- Problem details -
Give back the lines below exactly, but do not include any pictures.
**** Source data ****
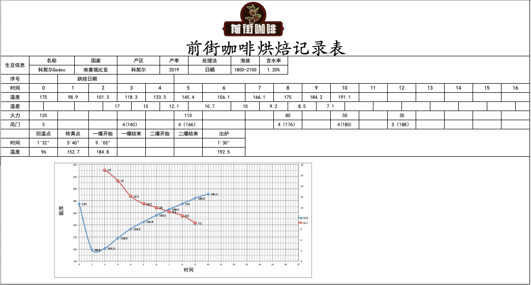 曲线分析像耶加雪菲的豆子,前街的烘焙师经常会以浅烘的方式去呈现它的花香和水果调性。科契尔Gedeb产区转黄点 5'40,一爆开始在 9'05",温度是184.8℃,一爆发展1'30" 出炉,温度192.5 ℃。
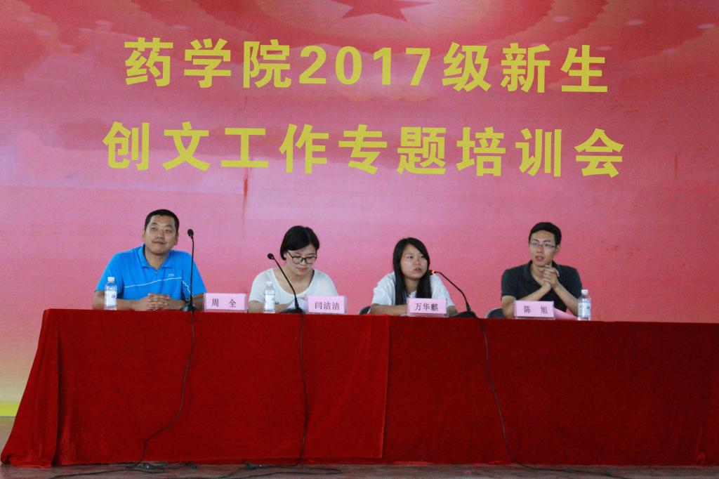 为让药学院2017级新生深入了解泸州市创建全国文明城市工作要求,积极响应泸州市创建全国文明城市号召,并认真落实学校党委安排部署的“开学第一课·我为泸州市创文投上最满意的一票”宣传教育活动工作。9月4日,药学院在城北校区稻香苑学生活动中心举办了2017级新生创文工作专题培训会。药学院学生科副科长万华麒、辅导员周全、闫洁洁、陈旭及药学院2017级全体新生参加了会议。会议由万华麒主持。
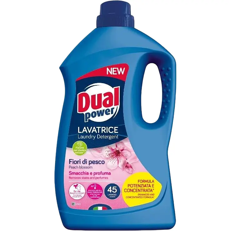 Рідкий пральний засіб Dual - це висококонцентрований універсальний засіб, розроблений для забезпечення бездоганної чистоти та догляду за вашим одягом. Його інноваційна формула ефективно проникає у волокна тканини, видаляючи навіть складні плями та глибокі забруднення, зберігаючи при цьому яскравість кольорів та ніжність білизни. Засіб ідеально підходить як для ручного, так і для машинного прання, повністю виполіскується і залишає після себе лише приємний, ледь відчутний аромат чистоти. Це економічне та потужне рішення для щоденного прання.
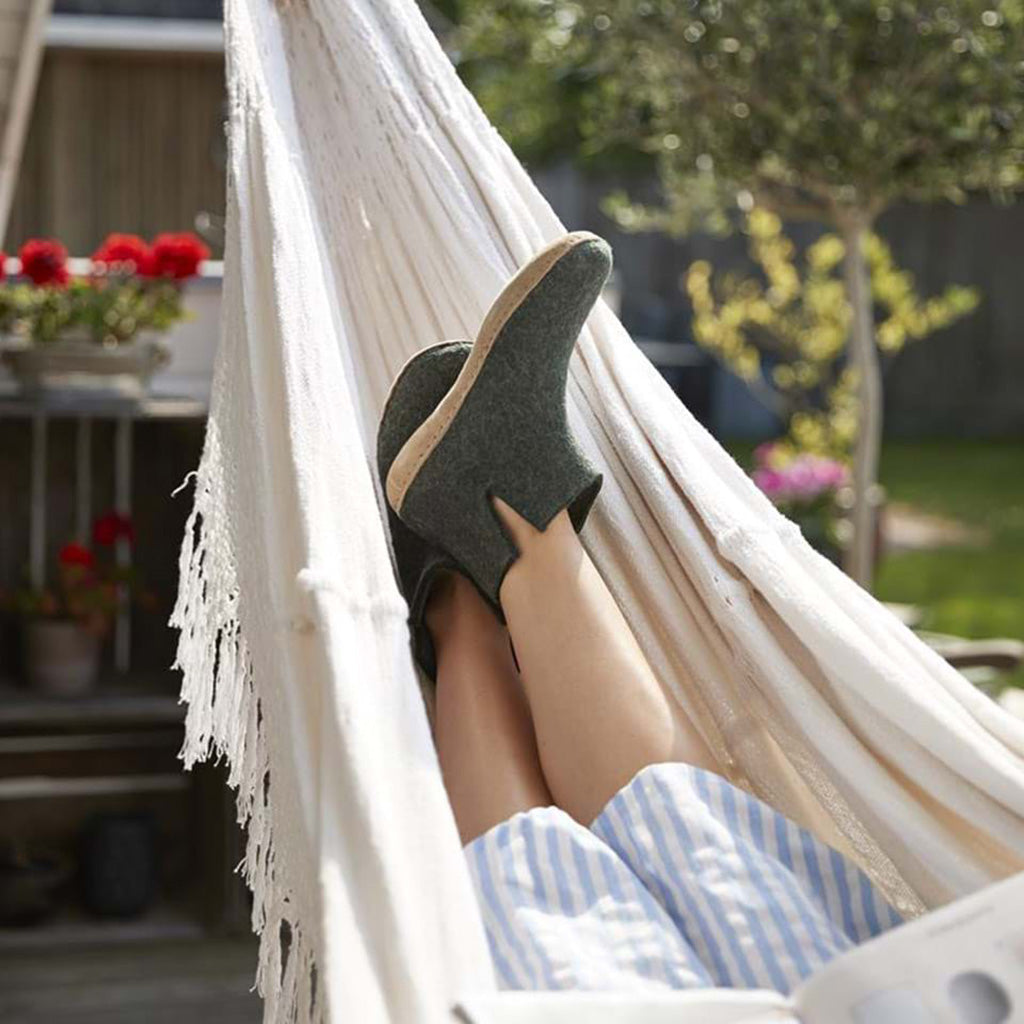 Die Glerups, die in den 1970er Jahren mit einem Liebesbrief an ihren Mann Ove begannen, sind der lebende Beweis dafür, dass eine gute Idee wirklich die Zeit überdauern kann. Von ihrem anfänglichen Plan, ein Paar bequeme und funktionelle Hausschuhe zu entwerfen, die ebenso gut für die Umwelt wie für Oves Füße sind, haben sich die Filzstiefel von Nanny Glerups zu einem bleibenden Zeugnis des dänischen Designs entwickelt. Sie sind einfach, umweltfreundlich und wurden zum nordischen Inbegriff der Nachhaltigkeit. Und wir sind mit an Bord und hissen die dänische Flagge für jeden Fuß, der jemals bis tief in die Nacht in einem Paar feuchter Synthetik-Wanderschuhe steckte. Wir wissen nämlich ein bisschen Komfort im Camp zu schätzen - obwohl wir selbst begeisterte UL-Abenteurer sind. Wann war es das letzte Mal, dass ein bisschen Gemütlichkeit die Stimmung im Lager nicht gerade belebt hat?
****
- Completed task -
 曲线分析像耶加雪菲的豆子,前街的烘焙师经常会以浅烘的方式去呈现它的花香和水果调性。科契尔Gedeb产区转黄点 5'40,一爆开始在 9'05",温度是184.8℃,一爆发展1'30" 出炉,温度192.5 ℃。
 为让药学院2017级新生深入了解泸州市创建全国文明城市工作要求,积极响应泸州市创建全国文明城市号召,并认真落实学校党委安排部署的“开学第一课·我为泸州市创文投上最满意的一票”宣传教育活动工作。9月4日,药学院在城北校区稻香苑学生活动中心举办了2017级新生创文工作专题培训会。药学院学生科副科长万华麒、辅导员周全、闫洁洁、陈旭及药学院2017级全体新生参加了会议。会议由万华麒主持。
 Рідкий пральний засіб Dual - це висококонцентрований універсальний засіб, розроблений для забезпечення бездоганної чистоти та догляду за вашим одягом. Його інноваційна формула ефективно проникає у волокна тканини, видаляючи навіть складні плями та глибокі забруднення, зберігаючи при цьому яскравість кольорів та ніжність білизни. Засіб ідеально підходить як для ручного, так і для машинного прання, повністю виполіскується і залишає після себе лише приємний, ледь відчутний аромат чистоти. Це економічне та потужне рішення для щоденного прання.
 Die Glerups, die in den 1970er Jahren mit einem Liebesbrief an ihren Mann Ove begannen, sind der lebende Beweis dafür, dass eine gute Idee wirklich die Zeit überdauern kann. Von ihrem anfänglichen Plan, ein Paar bequeme und funktionelle Hausschuhe zu entwerfen, die ebenso gut für die Umwelt wie für Oves Füße sind, haben sich die Filzstiefel von Nanny Glerups zu einem bleibenden Zeugnis des dänischen Designs entwickelt. Sie sind einfach, umweltfreundlich und wurden zum nordischen Inbegriff der Nachhaltigkeit. Und wir sind mit an Bord und hissen die dänische Flagge für jeden Fuß, der jemals bis tief in die Nacht in einem Paar feuchter Synthetik-Wanderschuhe steckte. Wir wissen nämlich ein bisschen Komfort im Camp zu schätzen - obwohl wir selbst begeisterte UL-Abenteurer sind. Wann war es das letzte Mal, dass ein bisschen Gemütlichkeit die Stimmung im Lager nicht gerade belebt hat?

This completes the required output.